Edit: I thought of another explanation. There is a 6 year gap between CR and SF (2006-2012) In the interim, Bond ditched the CR car, and wangled the GF tricked-out edtion from Q Branch, which happened to have kept one around for posterity, as I am sure they do with much of the gear that's been used over the years.
They spruced up the equipped car, and loaned it to Bond, who later destroyed it at Skyfall.
If though, as @rc7 maintains, Purvis and Wade had intended that CR and SF cars to be the same, then our explanations, are just us fans having to stretch our imaginations to cover for Mendes' goofy, lazy storytelling.
IMO Mendes didn't give a crap. He just thought, throwing in the tricked-out DB5 would be a good gag. I didn't like it. The introduction of the DB5 in SF, was the low point of the film IMO, because it was so gratutitous, and requires us fans to jump through hoops to make sense of it.
My more conspiratorial take is that Mendes didn't want the Bond theme cluttering up his precious unique take on things, so he had to compartmentalize the theme with this non-sensical nod to the past, where the Bond theme belongs too apparently.
As for the exploding pen, thats just an in-joke for fans. The DC universe is new.

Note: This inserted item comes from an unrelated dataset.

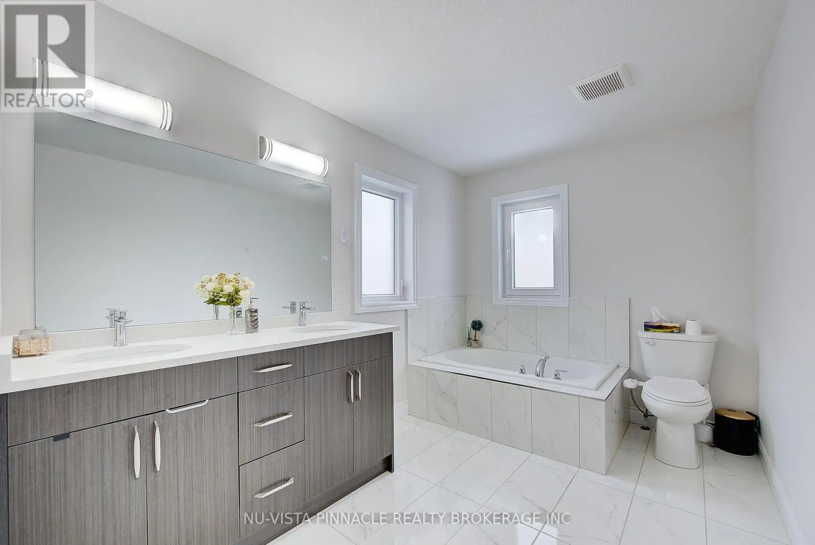 Cross Streets: .CAMPBELL ST. ** Directions: DRIVE ON WHARNCLIFFE RD S FRON WONDERLAND RD,TURN RIGHT ON CAMPBELL ST , TURN LEFT ON TRIPP DR PROPERTY ON CORNER. Stunning full brick, carpet-free executive home in the desirable Heathwoods at Lambeth community. Offering over 3,000 sq ft above grade with a 3-car garage, separate living and family rooms, and a beautifully designed open-concept layout. Main floor features hardwood and ceramic flooring throughout, plus a spacious eat-in kitchen with granite countertops, large island, and pantry. The second floor includes 2 master bedrooms, each with its own ensuite - the primary with a 5-piece luxury ensuite and walk-in closet, and a second master with a private 3-piece ensuite. Two additional bedrooms and a full bath complete the level. The fully finished basement with Separate entrance adds exceptional living space with a bedroom, rec room, full 3-piece bath, and kitchenette - ideal for extended family or guests. Prime location close to shopping, parks, schools, and with easy access to Highways 401 and 402. (id:27476)
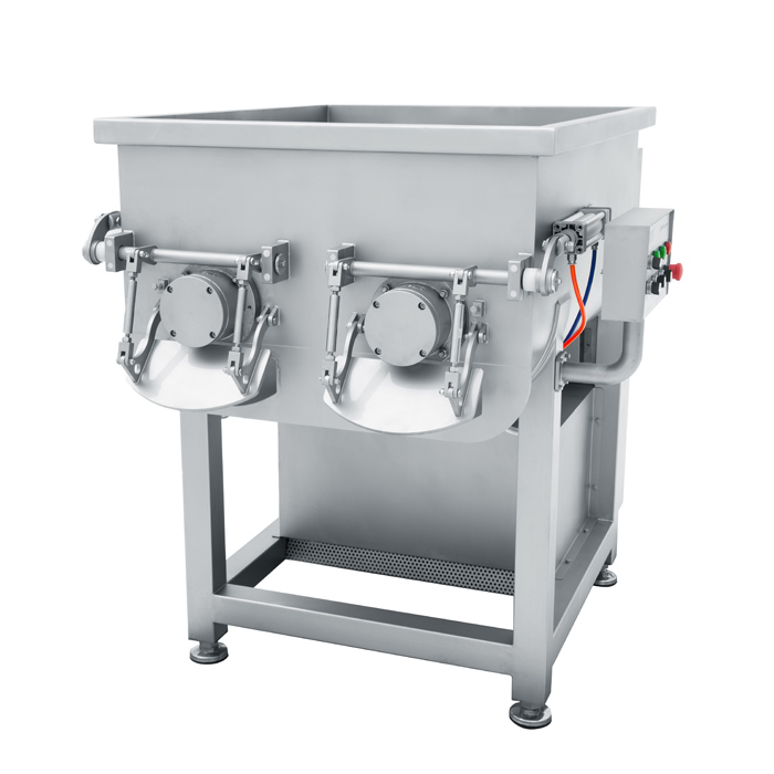 我公司生產的食品攪拌機是參照國際同類產品的特點,同時結合我國肉制品加工工藝特點,自行研制開發(fā)而成的新一代產品。是用于混料的必備設備,效率高,便于操作,真正實現了物料攪拌的均勻,膨脹充分,彈性好,色澤鮮艷并較大限度地提取蛋白質多種功能,適合各種工藝要求,是制作風干腸類產品、粒狀、泥狀混合腸類產品、丸類產品的選用設備。

GE didn't happen, but that doesn't mean that this universe doesn't have its own history, that might also have included exploding pens.
Series was 50 years old. I think of skyfall as part of the whole canon not just the Craig universe. CR and QOS show a contemporary interpretation of the beginnings of the character. It's not Dr who.
Things get too complicated if you try to work out how he Defeated Goldfinger in a parallel timeline. To most people who saw skyfall they probably saw the car, got the joke and enjoyed the reference.